In description of the present example embodiment, for example, recorded speech refers to speech recorded as speech used for speech synthesis. Phoneme string information refers to a time series of phonemes in recorded speech (i.e. a phoneme string).
For example, accent information refers to a position in a phoneme string where a pitch sharply drops. For example, pause information refers to a position of a pause in a phoneme string. For example, word separation information refers to a boundary between words in a phoneme string. For example, part of speech information refers to each part of speech of a word separated by word separation information. For example, phrase information refers to a separation of a phrase in a phoneme string. For example, accent phrase information refers to a separation of an accent phrase in a phoneme string. For example, an accent phrase refers to a speech phrase expressed as a group of accents. For example, emotional expression information refers to information indicating an emotion of a speaker in recorded speech.
For example, the original-speech utterance information storing unit 107 may store original-speech utterance information, a node number (to be described later) of an original-speech F0 pattern associated with the original-speech utterance information, and an identifier of an element waveform associated with the original-speech information. The node number of an original-speech F0 pattern is an identifier of an original-speech F0 pattern.
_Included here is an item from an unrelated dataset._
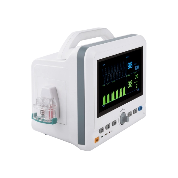 Portable monitor with 7 inch display, monitoring ETCO2 and anesthesia gas (N2O, ENF, HAL, SEV, DES, ISO) concentration, high accuracy, with built-in rechargeable battery, MG2000 has been designed for low tidal volumes with high breath rates for a wide range of clinical applications.

As will be described later, the original-speech F0 pattern refers to transition of values of F0 (also referred to as F0 values) extracted from recorded speech. An original-speech F0 pattern associated with original-speech utterance information refers to transition of F0 values extracted from recorded speech an utterance content of which is represented by the original-speech utterance information. For example, the original-speech F0 pattern is a set of continuous F0 values extracted from recorded speech at predetermined intervals. For example, according to the present example embodiment, a position in recorded speech where an F0 value is extracted is also referred to as a node. For example, each F0 value included in an original-speech F0 pattern is given a node number indicating an order of nodes. The node number may be uniquely given to a node. The node number is associated with an F0 value at a node indicated by the node number. For example, an original-speech F0 pattern is specified by a node number associated with the first F0 value included in the original-speech F0 pattern and a node number associated with the last F0 value in the original-speech F0 pattern. Original-speech utterance information may be associated with an original-speech F0 pattern so that a part of the original-speech F0 pattern in a continuous part of the original-speech utterance information (hereinafter also referred to as a segment) can be specified. For example, each phoneme in original-speech utterance information may be associated with one or more node numbers in an original-speech F0 pattern (e.g. the first and last F0 values included in a segment associated with the phoneme).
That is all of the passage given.